The above examples are only intended to illustrate the technical solution of the present invention, but not to limit it; although the present invention has been described in detail with reference to the foregoing embodiments, it should be understood by those skilled in the art that various changes and modifications may be made in the embodiments described in the foregoing embodiments, or equivalent changes and modifications may be made to some of the technical features of the embodiments without departing from the scope of the embodiments of the present invention.
Claims (14)
1. A method for preparing (+/-) -2- (6-methoxy-2-naphthyl) propionic acid by continuous flow microchannel reaction oxidation is characterized by comprising the following steps:
(1) preparation of material a mixed solution: adding a reaction auxiliary agent into the material A solution, and stirring for dissolving;
(2) preparing a material B mixed solution: adjusting the pH value of an oxidant aqueous solution to 2-6 at room temperature;
(3) and pumping the mixed solution of the material A and the mixed solution of the material B into a microchannel reactor through a metering pump, mixing the two materials in the microchannel reactor, carrying out continuous oxidation reaction at the reaction temperature of 0-100 ℃, the reaction pressure of 0.15-0.5 MPa and the reaction residence time of 1-300 s, carrying out quenching reaction on the reacted materials, and processing to obtain the (+/-) -2- (6-methoxy-2-naphthyl) propionic acid.
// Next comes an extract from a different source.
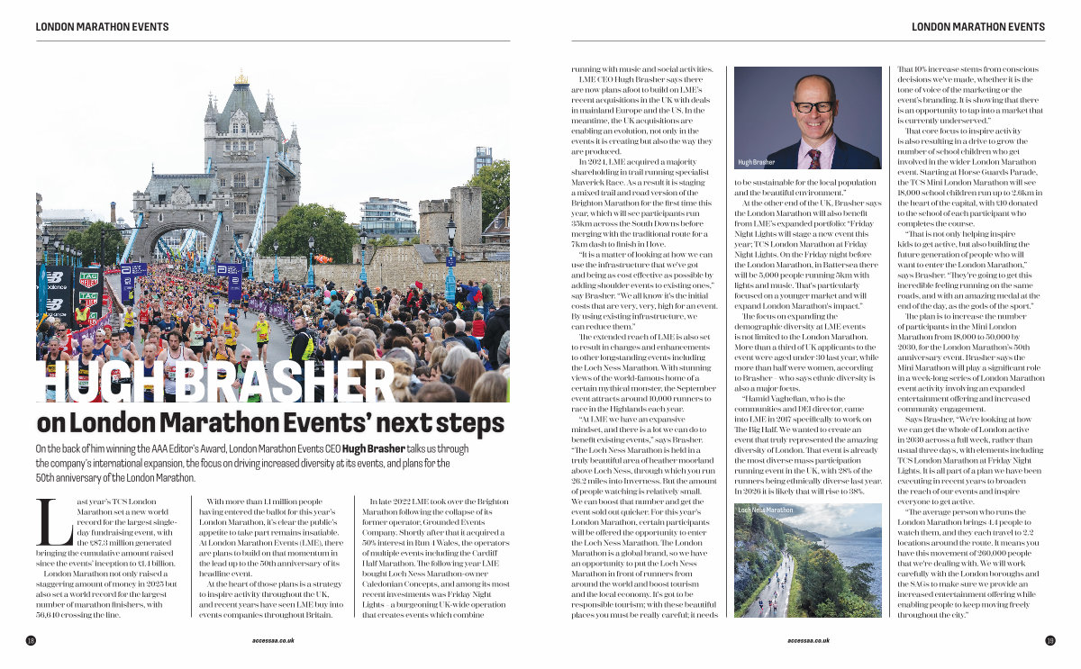 On the back of him winning the AAA Editor’ s Award, London Marathon Events CEO Hugh Brasher talks us through the company’ s international expansion, the focus on driving increased diversity at its events, and plans for the 50th anniversary of the London Marathon.

2. The method of claim 1, wherein: in the step (1), 6-methoxy-2-acetyl naphthalene and chloroacetate are used as raw materials, potassium alkoxide is used as alkali, and a material solution A is obtained by condensation, hydrolysis, decarboxylation and liquid separation or a material solid A is dissolved in a reaction solvent to obtain a material solution A.
3. The method of claim 1, wherein: in the step (1), the adopted reaction auxiliary agent is 2-methyl-1-butene, 2-methyl-2-butene or 2-methyl-1, 3-butadiene; wherein the molar ratio of 2-methyl-1-butene, 2-methyl-2-butene or 2-methyl-1, 3-butadiene to 2- (6-methoxy-2-naphthyl) propanal is 1.0-3.0: 1, preferably 1.1-1.8: 1.
4. The method of claim 3, wherein: in the step (1), dissolving a compound 2- (6-methoxy-2-naphthyl) propionaldehyde in a solvent, adding 2-methyl-1-butene, 2-methyl-2-butene or 2-methyl-1, 3-butadiene, stirring and dissolving to prepare a material solution A; wherein the mass-volume ratio of the compound 2- (6-methoxy-2-naphthyl) propionaldehyde to the solvent is 1: 4-15 g/mL, preferably 1: 4-10 g/mL.
5. The method of claim 4, wherein: in the step (1), the solvent used is sec-butyl alcohol, tert-butyl alcohol, isopropanol or n-butyl alcohol, preferably sec-butyl alcohol or isopropanol.
6. The method of claim 1, wherein: in the step (2), the oxidizing agent comprises NaClO2、NaClO、NaNO2、KClO2、KClO、KNO2、KMnO4Or H2O2Preferably NaClO, preferably NaClO2。
7. The method of claim 6, wherein: in the step (2), acid, alkali or buffer salt is adopted to adjust the pH value of the solution; the acid comprises one or more of hydrochloric acid, sulfuric acid or acetic acid, and is preferably acetic acid; the alkali comprises one or more of sodium hydroxide, potassium carbonate, cesium carbonate, sodium carbonate, potassium bicarbonate or sodium bicarbonate, and is preferably sodium bicarbonate; the buffer salt comprises one or more of potassium dihydrogen phosphate, sodium acetate, potassium acetate, ammonium acetate, sodium formate or potassium formate, and is preferably potassium dihydrogen phosphate.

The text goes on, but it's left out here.